Rock Bottom

As previously mentioned, the construction members were working thirty days at a time, (I do not know what interval occured these 30 day assignments), and member on the Boston Elevated (150 to 200 members), were working a four day work week to prevent layoffs. Then in May 1932, the construction members went to a 1/3 reduction in the workweek to increase the number employed by fifty percent. The signal maintenance department of the Boston Elevated Railway followed suit and agreed to a reduction from six days a week to four days. Their work had covered 24 hours a day, seven days a week, on a shift basis. It was a perplexing problem to rearrange their hours so as to prevent layoffs.

The Mayor of Boston, James M. Curley, was deeply concerned as winter approached in 1931 as to what could be done with the thousands of homeless, jobless, starving people when winter set in.

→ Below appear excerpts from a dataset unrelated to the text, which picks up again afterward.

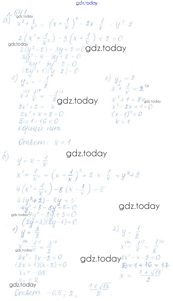 Ответы к Решение. Упражнения 541 Учебнику по Алгебре для 9 класса Дорофеев, Суворова Просвещение, Просвещение 2016, 2019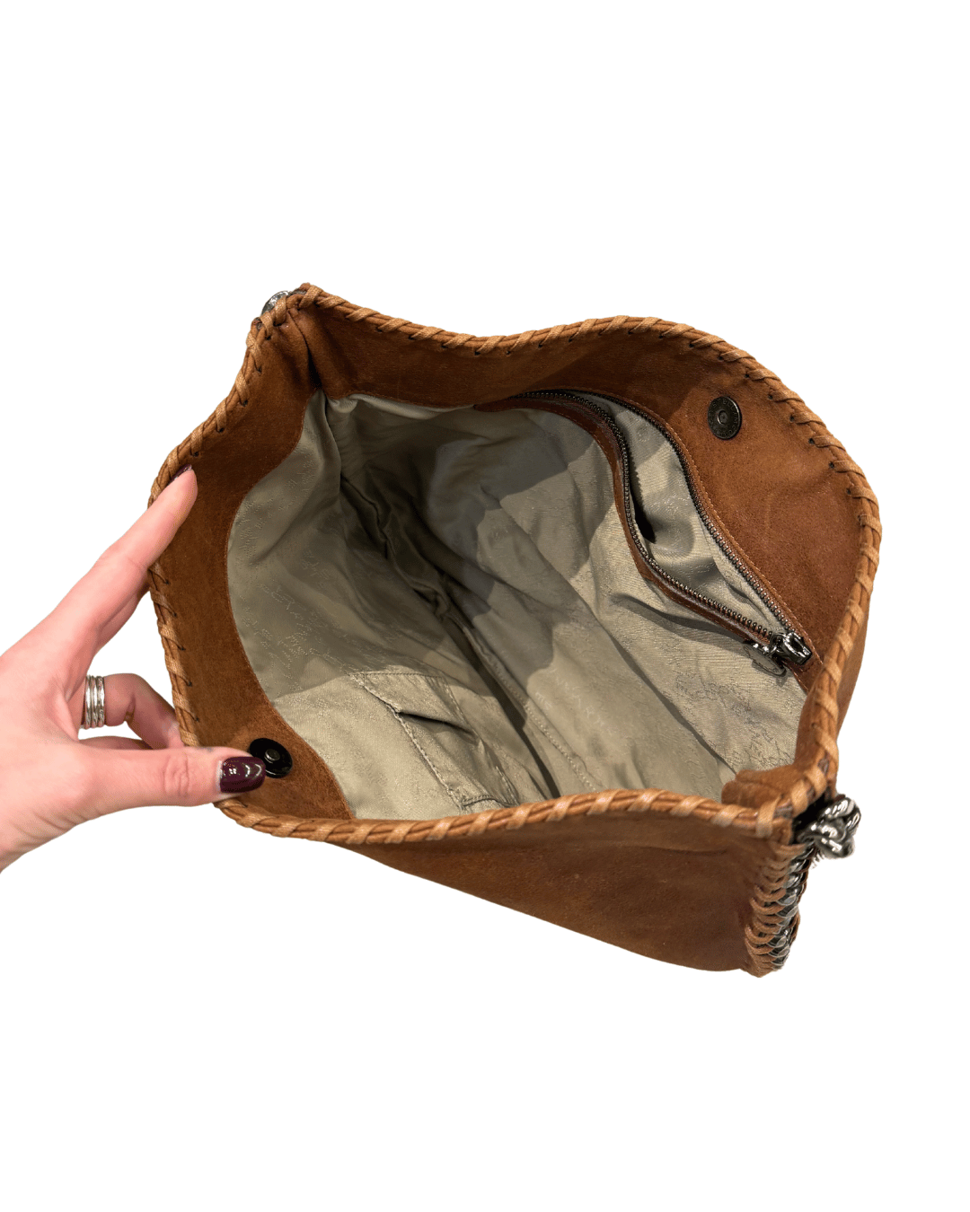Morbida, destrutturata e irresistibilmente cool: la Stella McCartney in versione color cuoio conquista con il suo fascino casual ma sofisticato. Realizzata in morbida eco-nappa, è rifinita dal caratteristico profilo intrecciato a catena e dalla tracolla a catena che consente di indossarla comodamente crossbody.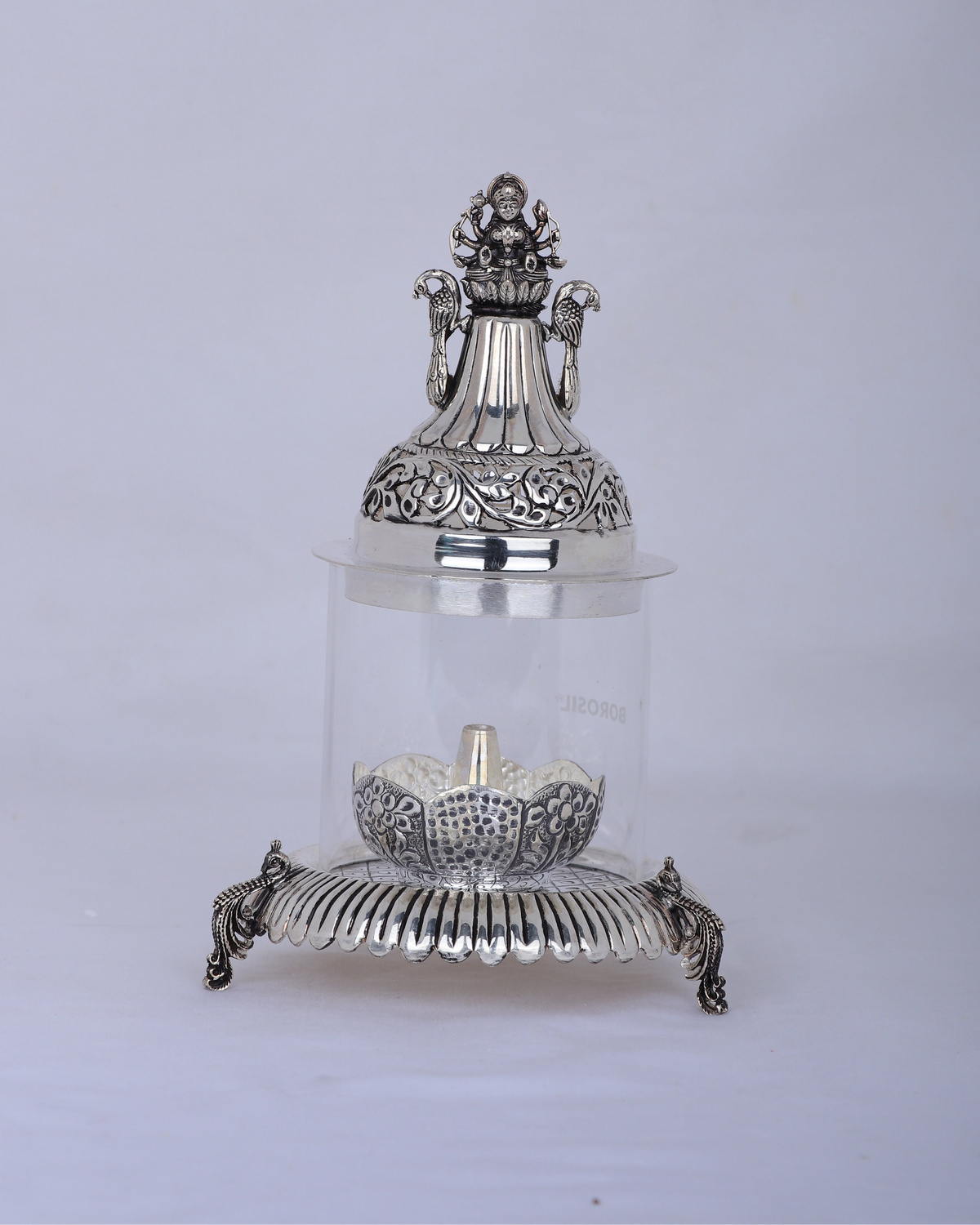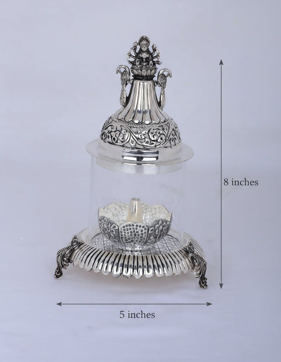 Craftsmanship: Features an intricately sculpted Lakshmi figurine atop a nakashi-engraved domed lid with peacock handles, durable glass cover for continuous flame protection, ornate lotus-shaped interior diya dish, and a radiant petal-edged base standing on four peacock-claw feet. All silverwork finished in a mirror polish with selective oxidization for depth and antique character.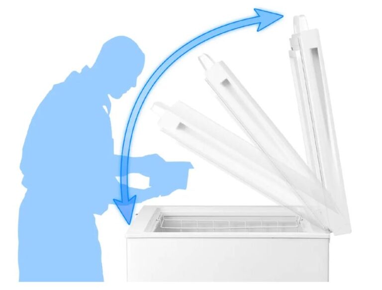 Nắp của Tủ đông TOSHIBA GR-RC390CM có thể nâng ở nhiều góc độ, giúp người dùng dễ dàng lấy nguyên liệu mà không cần phải dùng tay hỗ trợ, mang lại sự tiện lợi trong quá trình sử dụng.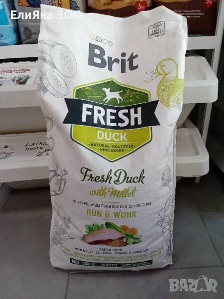 1. Brit FRESH Duck wath Millet Adult Run&Work високо протеинова храна за пораснали кучета от всички породи с активен начин на живот. С пряно и сушено патешко месо, тиквички и спанак 12 кг. Цена 113 лв.
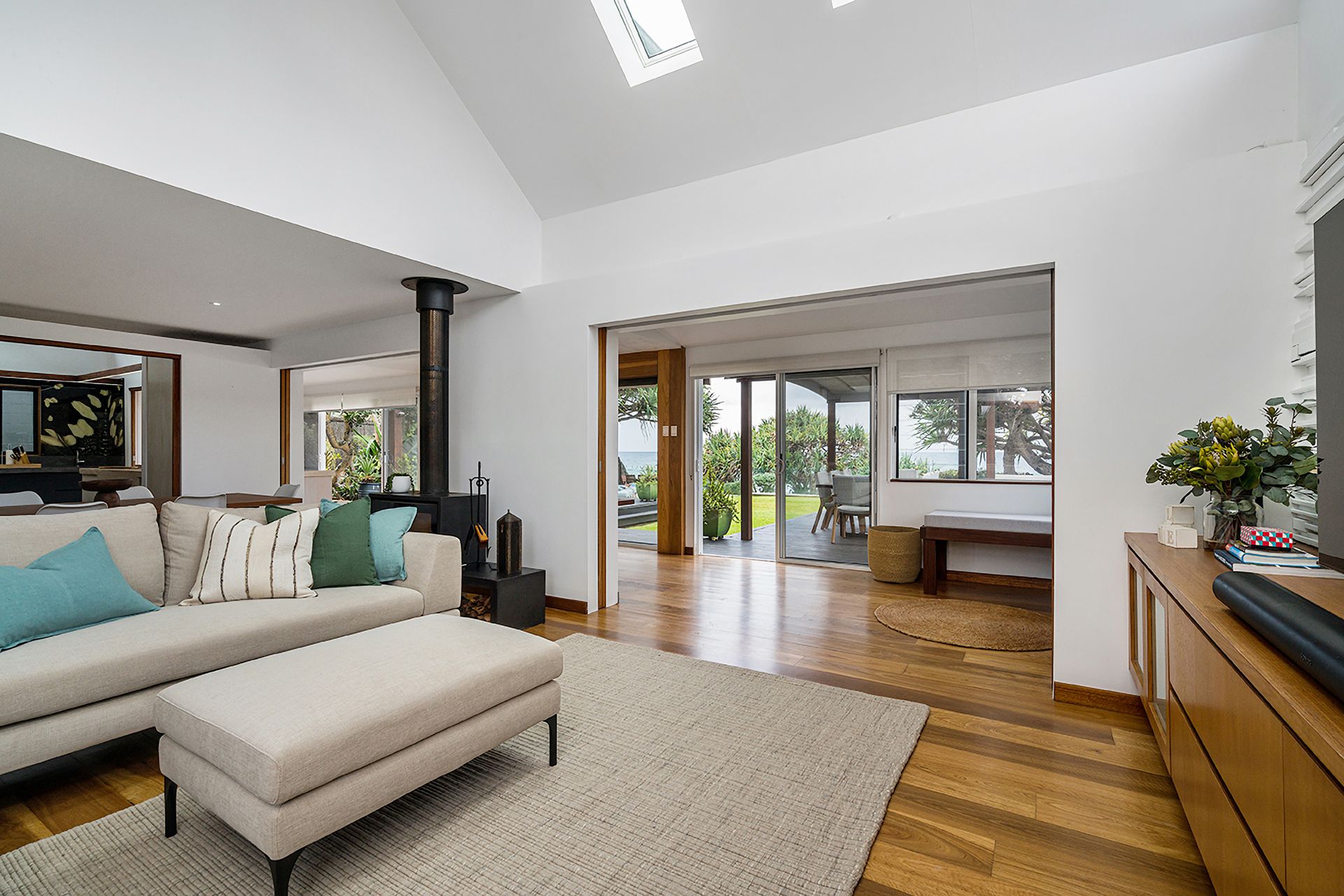 The main level has another two bedrooms each with their own bathroom. The kitchen and living areas are also on this level and expand out to the private alfresco dining with an in-built fire pit overlooking the ocean. There is exclusive beach access to take a dip and then enjoy the ocean view from the sun lounges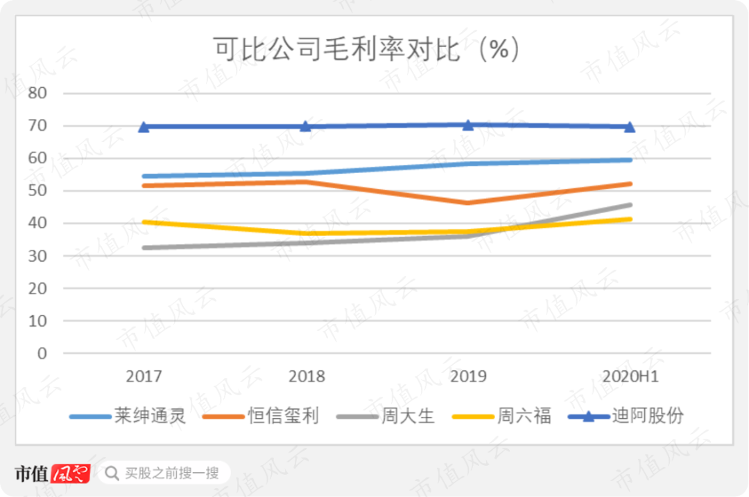 一方面,这是由于迪阿股份的销售模式以自营为主,省去了向加盟商批发让利的环节;另一方面,产品打出的定制化、“唯一”等感情牌,也在一定程度上增加的产品的溢价。
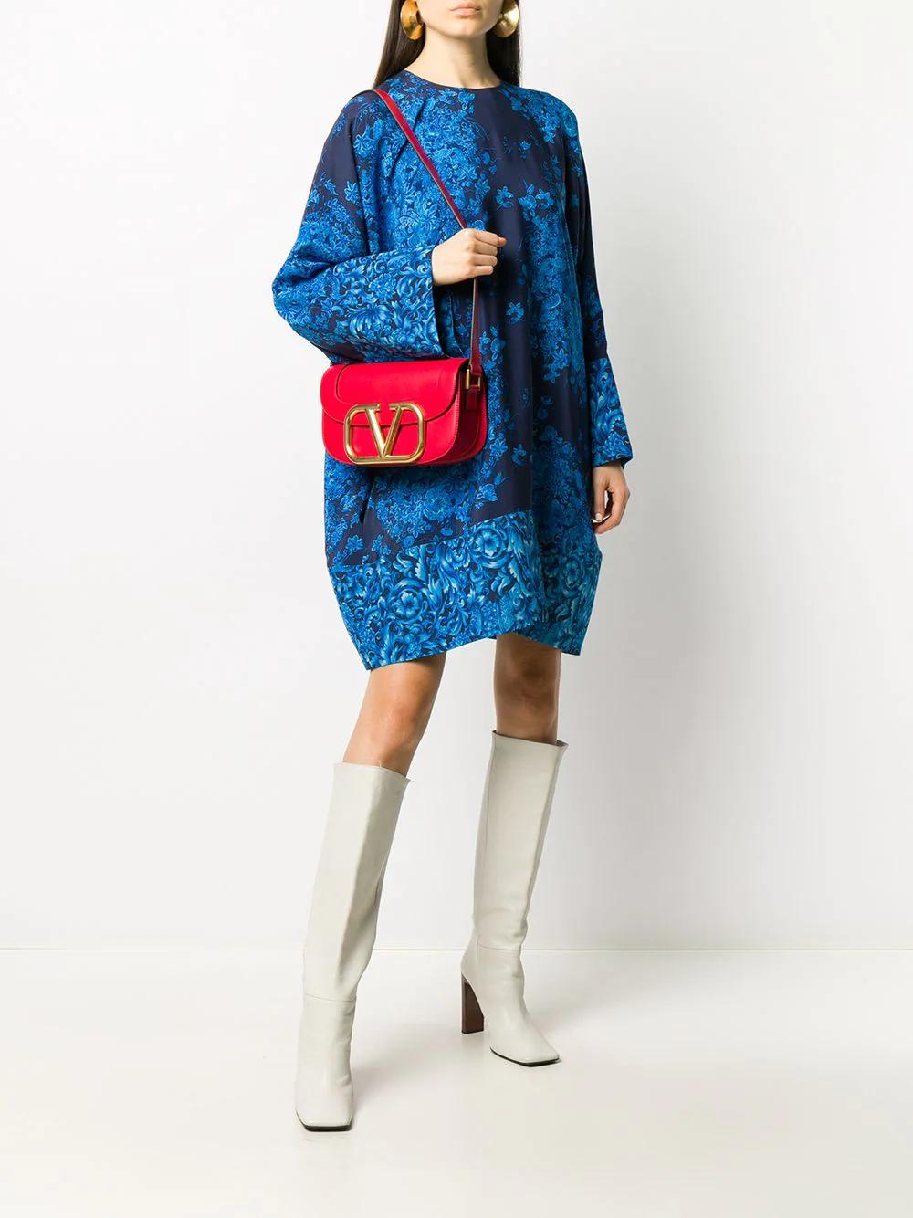 Red leather Supervee crossbody bag from VALENTINO GARAVANI featuring VLOGO detail, gold-tone hardware, front flap closure, magnetic fastening, internal slip pocket and adjustable shoulder strap.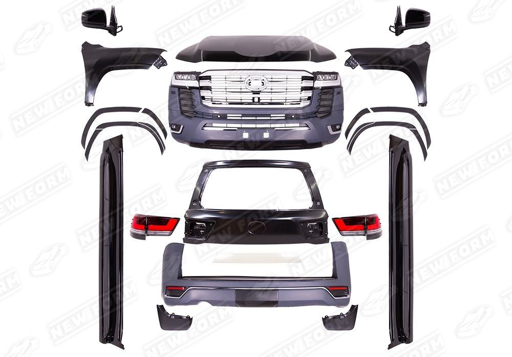 Комплект полный для рестайлинга автомобилей Toyota Land Cruiser 200. Данный комплект позволяет осуществить полный внешний рестайлинг кузова автомобиля Toyota Land Cruiser 200 с 2012 по 2015 год выпуска в версию Toyota Land Cruiser 300. Рестайлинг полностью выполнен из оригинальных материалов. Оптика оригинального качества. Комплектующие рестайлинга устанавливаются четко в штатные места и не требуют доработок. Комплект поставляется под окрас.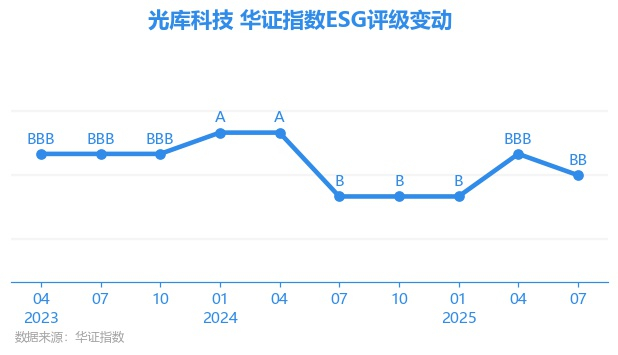 日前,华证指数公布了新一期(2025年7月31日)的ESG评级结果,光库科技(300620.SZ)获得BB评级(华证指数评级为C起至AAA九档,C为最低档,AAA为其最高一级评级/AA为其第二档),上一期(2025年4月30日)ESG评级为BBB。本期ESG评级在529家电子设备、仪器和元件行业A股上市公司中排名第155(上一期排名第143)。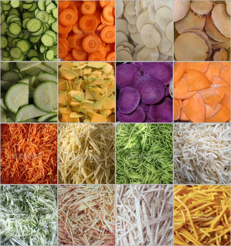 A2:The vegetable cutting machine with price can cut vegetables and fruits like potato, sweet potato, carrot, parsnip, radish, turnip, kohlrabi, beet root, lotus root, onion, cucumber, zucchini, pumpkin, pineapple, papaya, pitaya, apple, pear, lemon, orange, kiwi, carambola, plum, etc. into slices and julienne.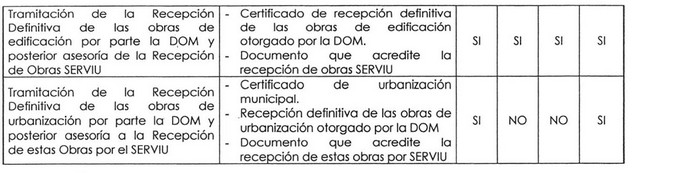 "Respecto a la asesoría para la recepción de obras, esta primero debe permitir la recepción por parte de la Dirección de Obras Municipales (DOM) y, posteriormente, por parte del Serviu, instancia esta última que valida el pago de los servicios de asistencia técnica y la fiscalización técnica de obras, en lo que respecta a esta etapa del proyecto.".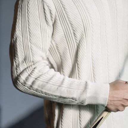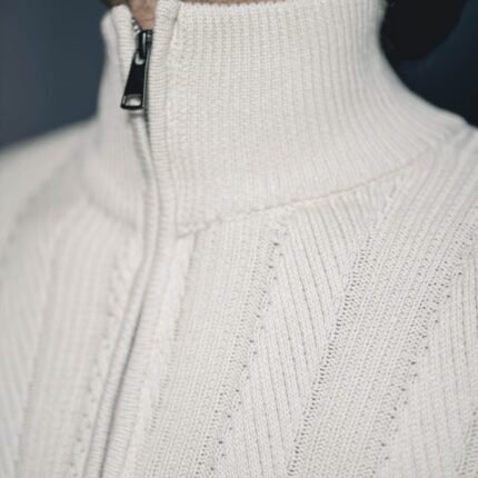 Aristo Cotton Knitted Half Zipper Turtleneck (Vanilla White)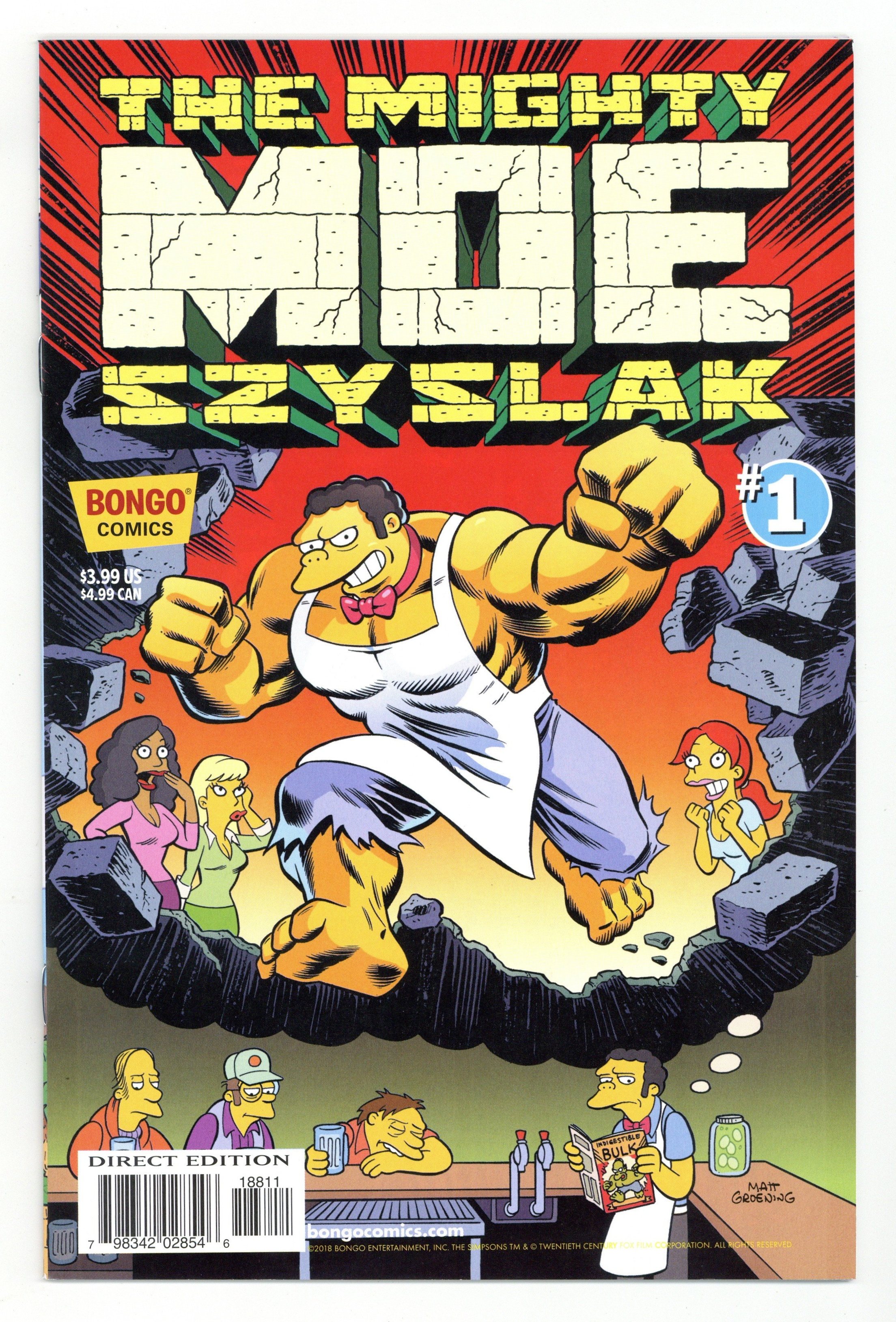 $16.00Story by Ian Boothby and Terry Delegeane. Art by Phil Ortiz and Mike Kazaleh. Cover by Jason Ho. Springfield's belligerent bartender takes his best shot at a one-shot! First, Moe and Barney go on an excellent time-traveling adventure in search of love... and beer! Then, Moe goes in search of his long-lost, evil twin brother. And Moe waxes nostalgic over his lucky bar rag. All this and more Mighty Moe tales await you! Cover price $3.99.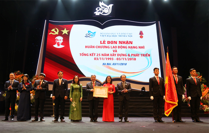 Ghi nhận những thành tích mà tập thể cán bộ, thầy và trò Viện Đại học Mở Hà Nội đã nỗ lực đạt được trong suốt 25 năm qua, tại buổi lễ, đồng chí Đào Việt Trung, Ủy viên Trung ương Đảng, Chủ nhiệm Văn phòng Chủ tịch nước đã trao tặng Huân chương Lao động hạng Nhì cho Viện Đại học Mở Hà Nội.

The federal post office job was shut down by strike because of the haphazard construction of the Seaverns Corporations, which was working on a federally funded job where no time was alloted for safety of the workers.

The only good news to report during this period was the passage of the Davis-Bacon Act in 1931, which provided for the payment of prevailing wage rates to laborers and mechanics employed by contractors and sub-contractors on public construction, and the passage of the Morris-LaGuardia Act, (the Anti-Injunction Act), which prohibited injunctions in labor disputes. Wisconsin also adopted the first state unemployment insurance act in the United States.

America was at the bottom of the worst economic abyss it had ever witnessed when on November 8, 1932, Franklin Delano Roosevelt and the Democrats win the election by a landslide. Roosevelt gets 22 million votes to Hoover’s 15 million and the Democrats take control of both Houses of Congress, promising American labor a new deal.

The unemployed in America peak at 13 million. Total wages declined to 60 percent less than 1929. Business is operating at one half of the 1929 capacity. The economy is at rock bottom.